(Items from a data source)
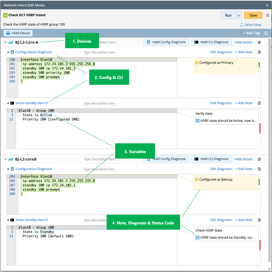 Network Intent (NI) describes a network design for a specific network device, what these design baselines are like, and how to verify design works properly. It provides a way to document network design intent, allowing other engineers to quickly understand the device's design and baseline or normal state of a particular device.
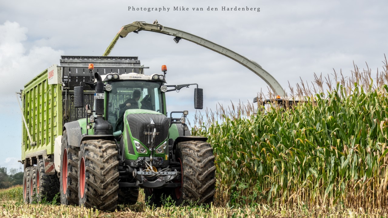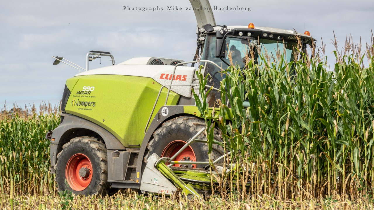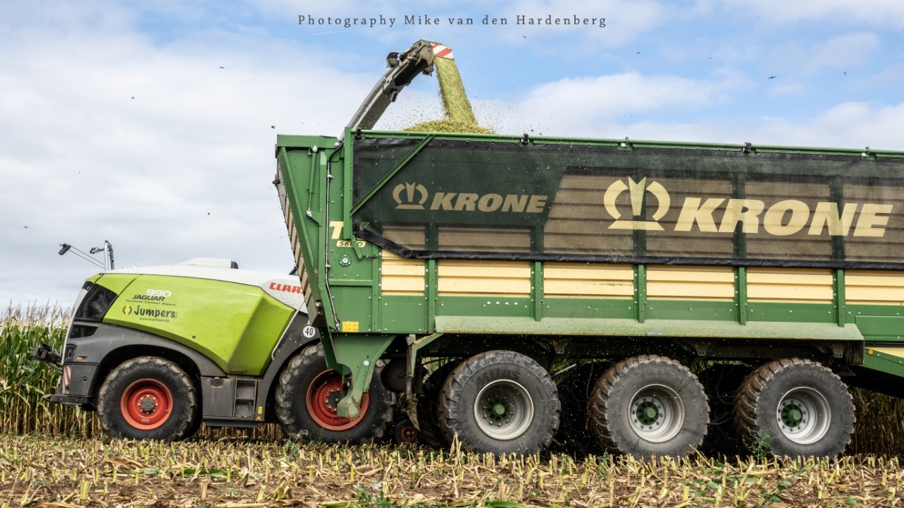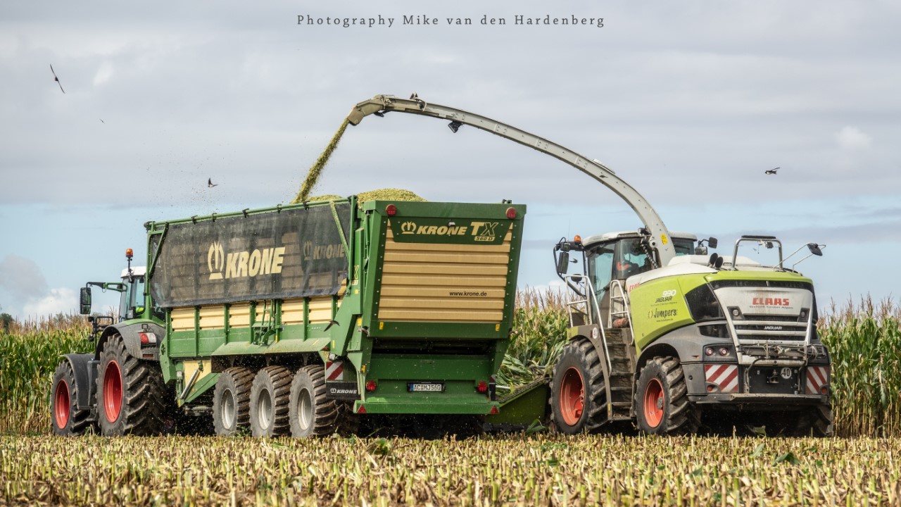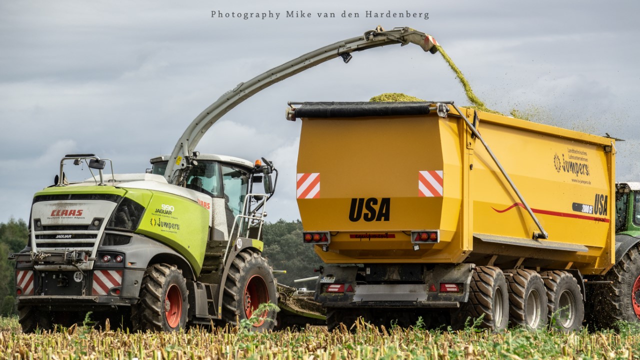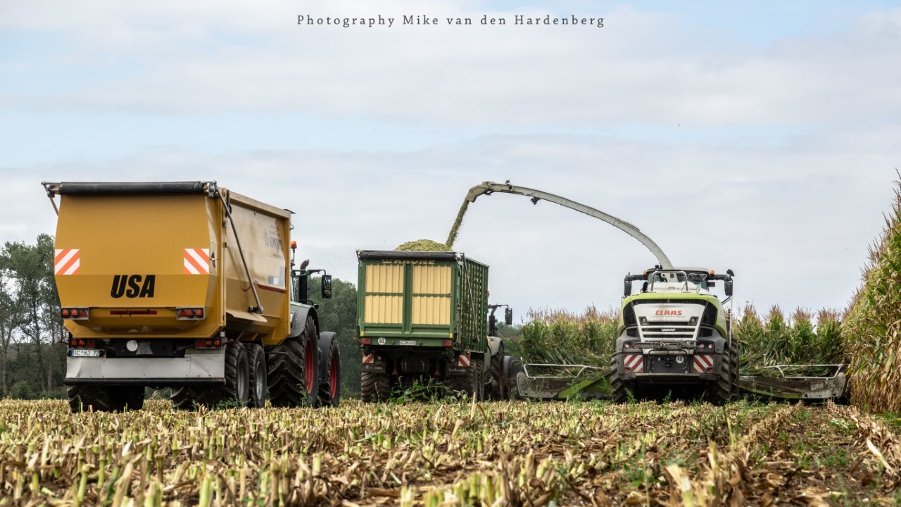 Loonbedrijf Jumpers uit Aachen (DE) in de mais met groot materiaal: een Claas Jaguar 990, een Fendt 942 met Tigo-wagen, USA-kipper en Krone-silagewagen.
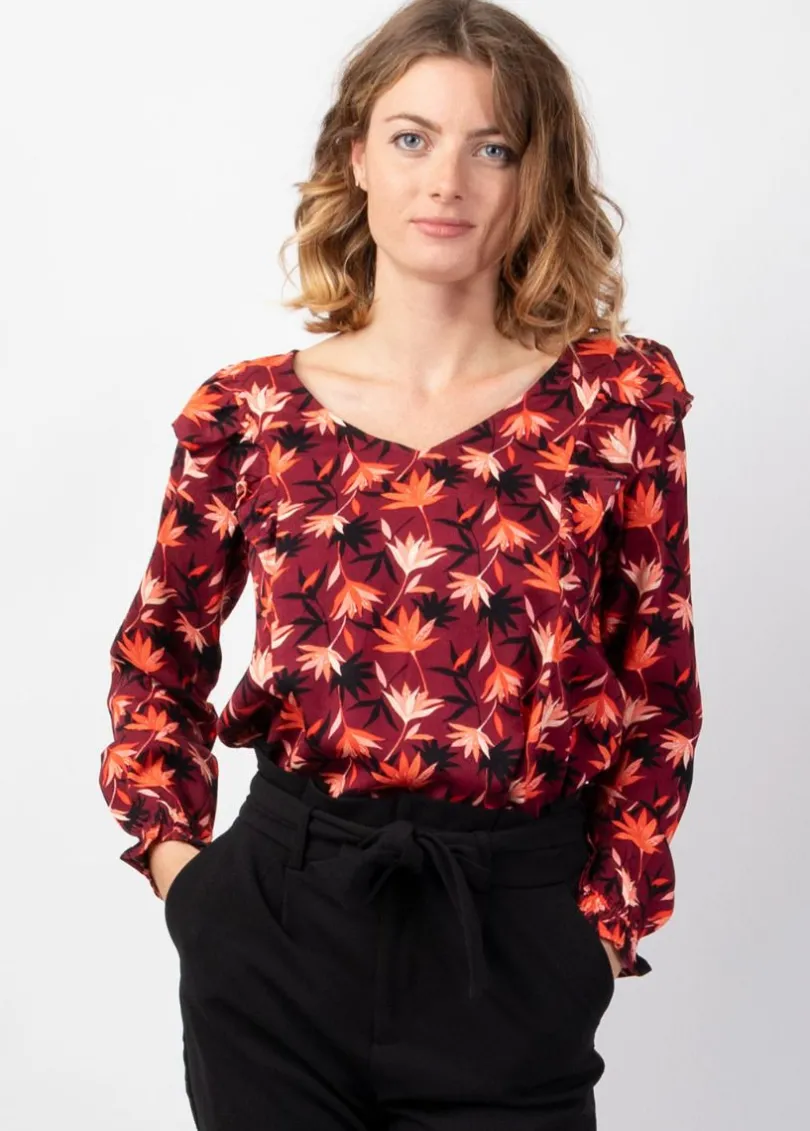 Blouse manches longues hiver à la coupe ample et au superbe imprimé fleuri grenat lumineux et agréable à porter. Dotée de volants pour une touche romantique chic, cette pièce conviendra au quotidien avec un pantalon basique noir ou un jean.
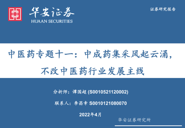 【华安证券】【20220410】中医药行业专题十一:中成药集采风起云涌,不改中医药行业发展主线-32页
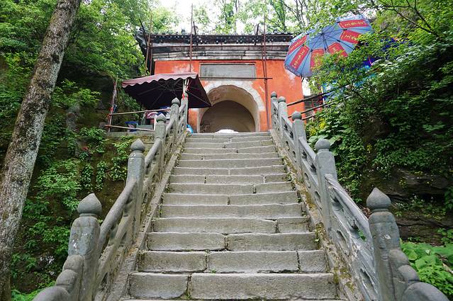 朝天宫这里上金顶的路有分岔,分为明代古道和清代古道两条路到达金顶。明代古道阶梯多,路难走,但重要景点三道天门、会仙桥、朝圣门都在这一路。清代古道相对平坦,但没什么景点。我们自然选择时代更久远的明古道继续上金顶。
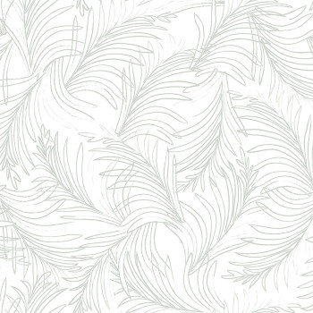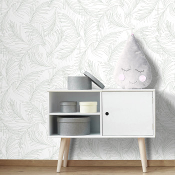 Weiße Tapete, grüne Umrisse von Palmblättern. Tapete geeignet für Schlafzimmer, Wohnzimmer, Arbeitszimmer.
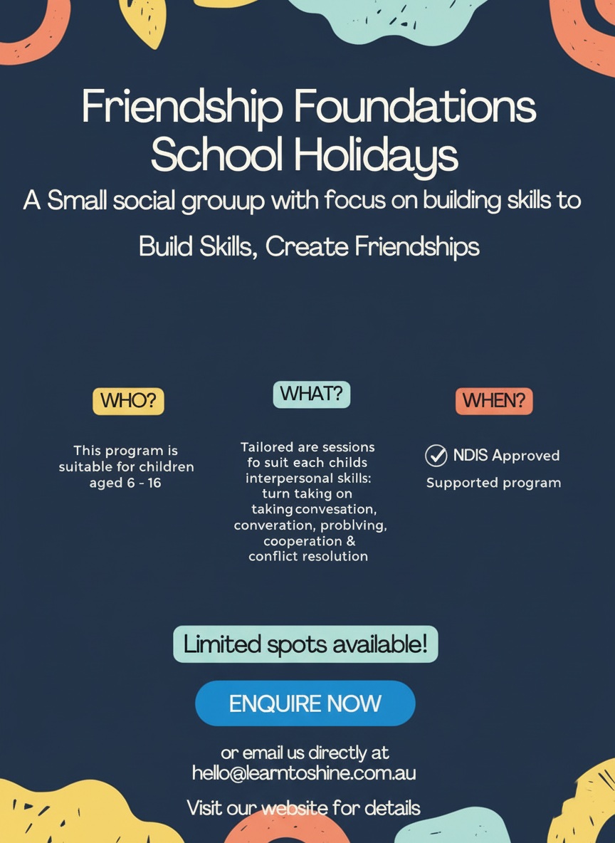 Our Friendship Foundations program is a small group social program focused on helping children aged 6–16 develop essential skills in a supportive and fun environment. It's a great opportunity for them to build confidence, create meaningful friendships, and learn valuable social skills.
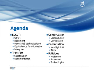 Le document traite des considérations juridiques liées à la numérisation et à la substitution de documents, soulignant la nécessité d'assurer l'intégrité et la valeur juridique des documents quel que soit leur support. Il stipule que les documents électroniques et ceux sur papier ont une valeur juridique équivalente tant que leur intégrité est maintenue, et précise les procédures de transfert et de destruction des documents. Enfin, il aborde la conservation, la disponibilité et l'accessibilité des documents tout au long de leur cycle de vie.
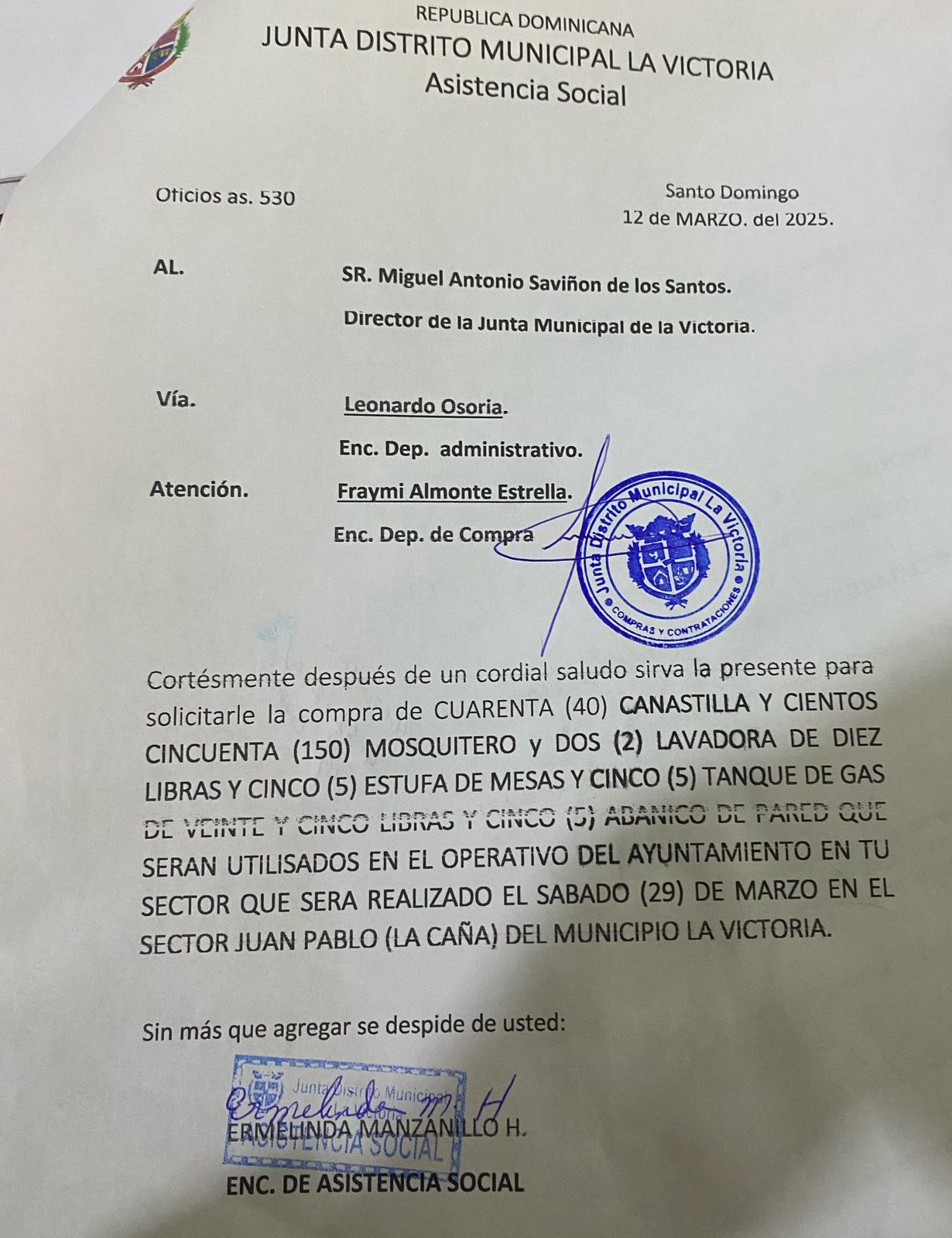 Unidad de compra: Junta Distrito Municipal La Victoria (DO-UC-961)

→ ABOUT THIS EXERCISE:
Please print each entry exactly as given and keep pictures out of it.

→ WORKED SOLUTION:
 Network Intent (NI) describes a network design for a specific network device, what these design baselines are like, and how to verify design works properly. It provides a way to document network design intent, allowing other engineers to quickly understand the device's design and baseline or normal state of a particular device.
 Loonbedrijf Jumpers uit Aachen (DE) in de mais met groot materiaal: een Claas Jaguar 990, een Fendt 942 met Tigo-wagen, USA-kipper en Krone-silagewagen.
 Blouse manches longues hiver à la coupe ample et au superbe imprimé fleuri grenat lumineux et agréable à porter. Dotée de volants pour une touche romantique chic, cette pièce conviendra au quotidien avec un pantalon basique noir ou un jean.
 【华安证券】【20220410】中医药行业专题十一:中成药集采风起云涌,不改中医药行业发展主线-32页
 朝天宫这里上金顶的路有分岔,分为明代古道和清代古道两条路到达金顶。明代古道阶梯多,路难走,但重要景点三道天门、会仙桥、朝圣门都在这一路。清代古道相对平坦,但没什么景点。我们自然选择时代更久远的明古道继续上金顶。
 Weiße Tapete, grüne Umrisse von Palmblättern. Tapete geeignet für Schlafzimmer, Wohnzimmer, Arbeitszimmer.
 Our Friendship Foundations program is a small group social program focused on helping children aged 6–16 develop essential skills in a supportive and fun environment. It's a great opportunity for them to build confidence, create meaningful friendships, and learn valuable social skills.
 Le document traite des considérations juridiques liées à la numérisation et à la substitution de documents, soulignant la nécessité d'assurer l'intégrité et la valeur juridique des documents quel que soit leur support. Il stipule que les documents électroniques et ceux sur papier ont une valeur juridique équivalente tant que leur intégrité est maintenue, et précise les procédures de transfert et de destruction des documents. Enfin, il aborde la conservation, la disponibilité et l'accessibilité des documents tout au long de leur cycle de vie.
 Unidad de compra: Junta Distrito Municipal La Victoria (DO-UC-961)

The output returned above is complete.